My Pi is connected to my TV w/ an hdmi cable. The TV has an optical digital audio out. This digital audio output is connected to my DTS/DD capable receiver (that has no hdmi in port). Playing video files or DVD’s w/ Dolby Digital (= AC3) multi channel audio works just fine (w/ pass though of the digital audio to my receiver). However, I’m pretty sure that my TV won’t pass throuh DTS digital surround 5.1 sound (link).

When I try to play a DVD w/ DTS audio then I hear only static. Is that because the Pi or the Kodi version in OSMC won’t pass through DTS? Or is it because my TV might not pass through the DTS signal?

Most TV’s don’t pass DTS through to optical. See here for a report.

If you have a Pi2 you can try disabling omxplayer and disabling DTS passthrough, enabling AC3 passthrough and enabling AC3 transcode. Then DTS audio will be decoded by Pi and re-encoded to AC3 which should work.

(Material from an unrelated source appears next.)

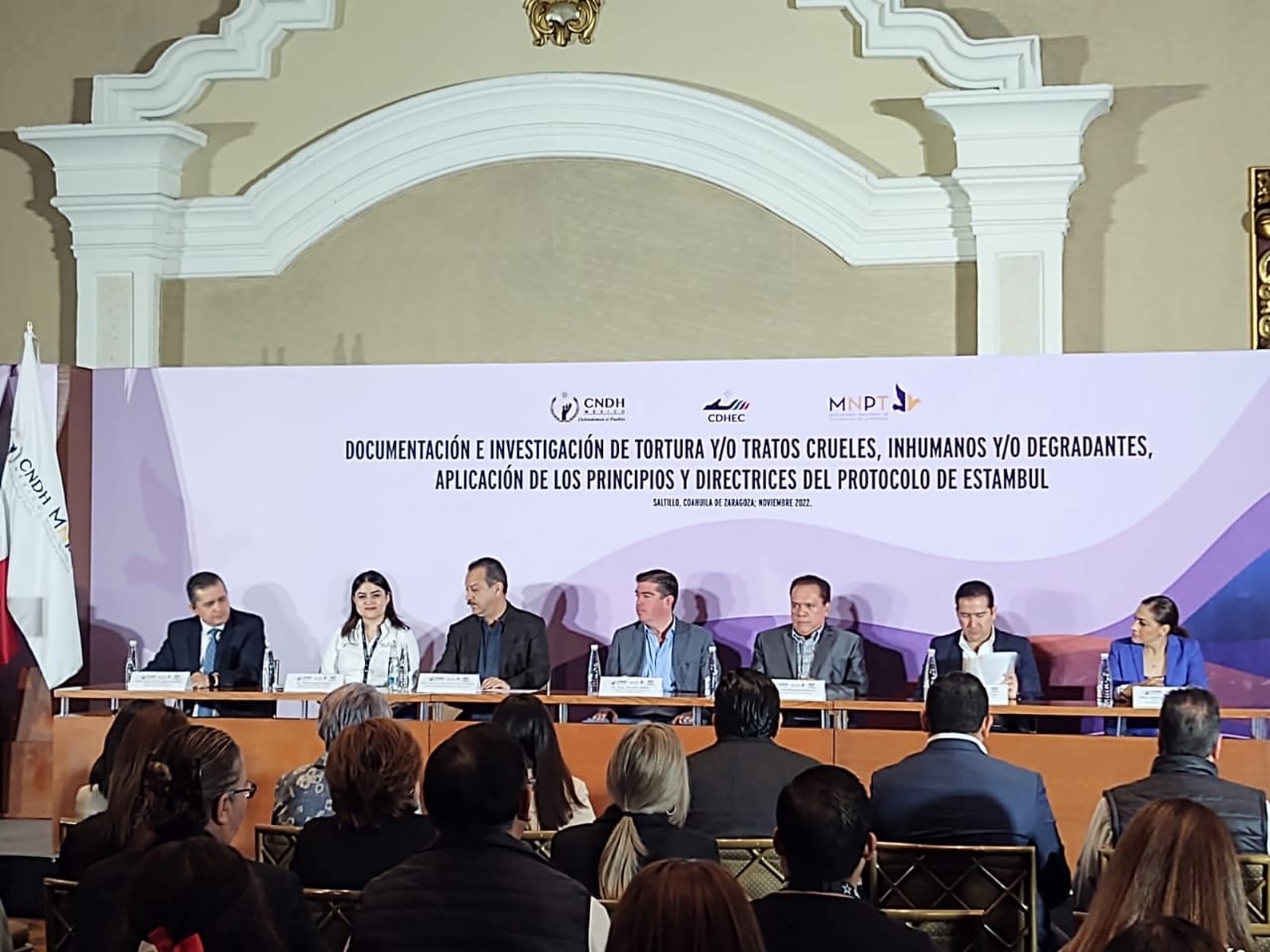 Lo anterior, durante el arranque del Curso «Documentación e Investigación de Tortura y/o Tratos Crueles Inhumanos y/o Tratos Crueles y/o Degradantes. Aplicación de los Principios y Directrices del Protocolo de Estambul», que se ofreció este viernes desde Saltillo para representantes de direcciones de seguridad pública municipales, elementos de la Fiscalía General del Estado (FGE) e integrantes de las fuerzas policiales de Coahuila, por parte de la CDHEC, Comisión Nacional de los Derechos Humanos (CNDH) y el Mecanismo Nacional de Prevención de la Tortura (MNPT).

To get around this I bought a device the splits the HDMI signal from the TV to video (to Raspberry Pi) and 5.1 audio (to receiver using optical). The good news is it worked, however it created video quality issues. There was a lot of weird blocks on the video. It was completely watch-able and some may not have noticed it…maybe its called artifacing? Anyway, I decided not to use it any more.

It was something like this:
ebay add

@Klattsy you may be able to fix the artefacts with config_hdmi_boost=7 in config.txt.

WoW! Never realized that Kodi can re-encode to AC3 on the fly! I use a Raspberry Pi B (not the “2”) and I’m pretty sure that its CPU is to slow to do this on the fly.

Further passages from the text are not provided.